Some patients deemed to be at high surgical risk may not be candidates for more extensive surgery.

Primary failure — The risk of primary failure of AV fistulas is highly variable and has ranged from 47 to 60 percent in randomized trials, but the published rates depend heavily on the definition of failure [13,14]. The Hemodialysis Fistula Maturation Study, which was a prospective observational study, reported a risk of primary failure of 33 percent [15]. A meta-analysis that included 43 studies reported a lower rate at 23 percent [16]. To achieve a functional AV fistula, patients should be educated that additional interventions may be needed given the high risk of primary failure.

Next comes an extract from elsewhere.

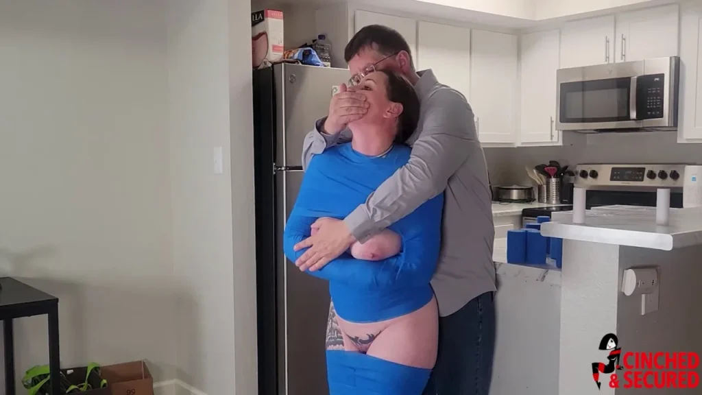 Minx wanted me to mummify her for a bit of play time and I was happy to oblige, although things turned far more intense than she expected! I started slowly (gotta warm up your partners) by wrapping her nice and tight, leaving her gorgeous tits and magnificent ass and pussy free. When I clamped a hand over her mouth and pressed into her, her eyes rolled and crossed as sub-space started to kick in. A few bites to her neck left Minx gooey and a fog-brained, dripping puddle! Time for a little sensory deprivation! I encased her head, leaving her nose free (always gotta let your toys breathe) but robbing her of sight and speech (unless you count lustful moans as speech!) A little tape tightly gagging her mouth was a nice touch, and now it was time for play time to really begin! I brought out a heavy leather strap and begin strapping that delicious ass of hers, stopping to rub and fondle it while whispering into her covered ears. I then moved on to a heavy wooden paddle, her least favorite implement, but now it was time for what I wanted. With her bottom on fire, I leaned in and began dry humping that stinging ass as she moaned. Next, I fingered her dripping pussy until she was panting and moaning and begging to be fucked, by she would have to earn that privilege! I told her to get up on her tip toes and stay that way until I returned, and being the good girl she is, she complied. Now let’s see how long she can stay that way!!!

AV grafts have a lower risk of primary failure. In a study of 1012 AV fistulas and 128 AV grafts, the risk of primary failure for AV grafts was one half the risk of AV fistulas (19 versus 40 percent) [17]. A comparison of brachiocephalic fistulas, brachiobasilic fistulas, and upper arm AV grafts reported primary failure rates of 32, 21, and 15 percent, respectively [18]. In a retrospective study of 16,463 Medicare patients in the United States, repeat AV fistula/graft creation was required within one year for 27 percent among patients with AV fistulas compared with 17 percent among those with AV grafts [19]. It should be noted the risk of primary failure may be reduced by careful imaging of vessels to ensure adequate vessels for AV fistula creation [20,21].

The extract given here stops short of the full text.